I personally think YCC is dead; it just is a nice shield to hide behind at times, as FTDNA did with their update in early 2011. No web site, no papers, zilch. The only real interest in standardization that I see seems to be in the hobbyist community.

--david

[GTC]

Also, thanks for the reference to the Cruciani paper. I recall it being discussed when it was published, but didn't have the time to read it ... and then promptly forgot about it. I have also been reading various references in it.

[Ann Turner]

Recently a number of us have been wondering what happened to the YCC. Previously it had a website -- albeit of a way out of date tree -- but that is now gone and the URL takes you to Hammer Labs home page. Googling around on YCC finds almost nothing much anymore. It's as if somebody has deliberately erased all traces of it.

Oh, no! It's been a long time since I referred to the website, but it should be kept for historical purposes.
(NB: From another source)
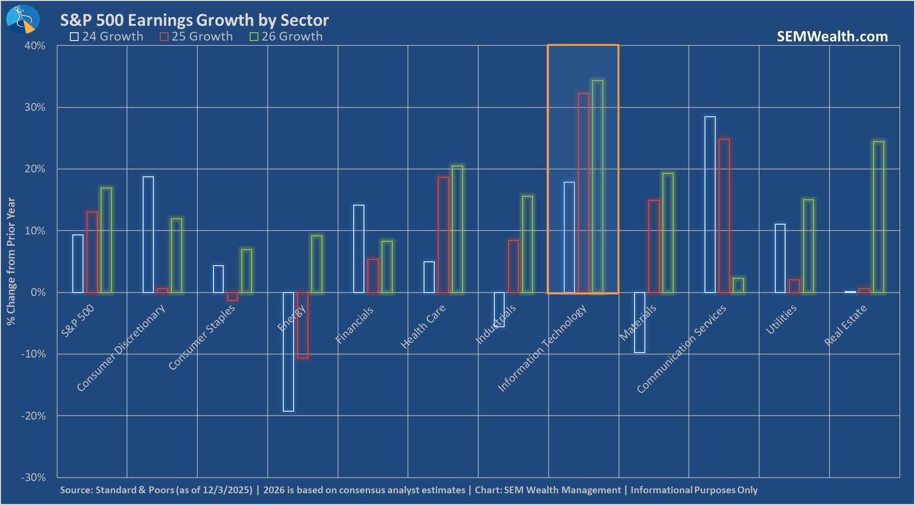 Not only are analysts not expecting a "broadening" in earnings, they are expecting earnings growth for technology companies to be even stronger in 2026, increasing by 34% (up from 32% in 2025 & 18% in 2024).

The original YCC effort was an amazing accomplishment, unifying research from many different labs, each with their idiosyncratic nomenclature. I even checked the WayBack machine and got this message:

"Page cannot be crawled or displayed due to robots.txt."

[GTC]

Oh, no! It's been a long time since I referred to the website, but it should be kept for historical purposes. The original YCC effort was an amazing accomplishment, unifying research from many different labs, each with their idiosyncratic nomenclature. I even checked the WayBack machine and got this message:

"Page cannot be crawled or displayed due to robots.txt."

Yep, I tried the Wayback Machine in my search for traces of the YCC.

About a that is left is their 2002 paper to which you refer, viz "A Nomenclature System for the Tree of Human Y-Chromosomal Binary Haplogroups".

Think I'll start a new thread on this subject.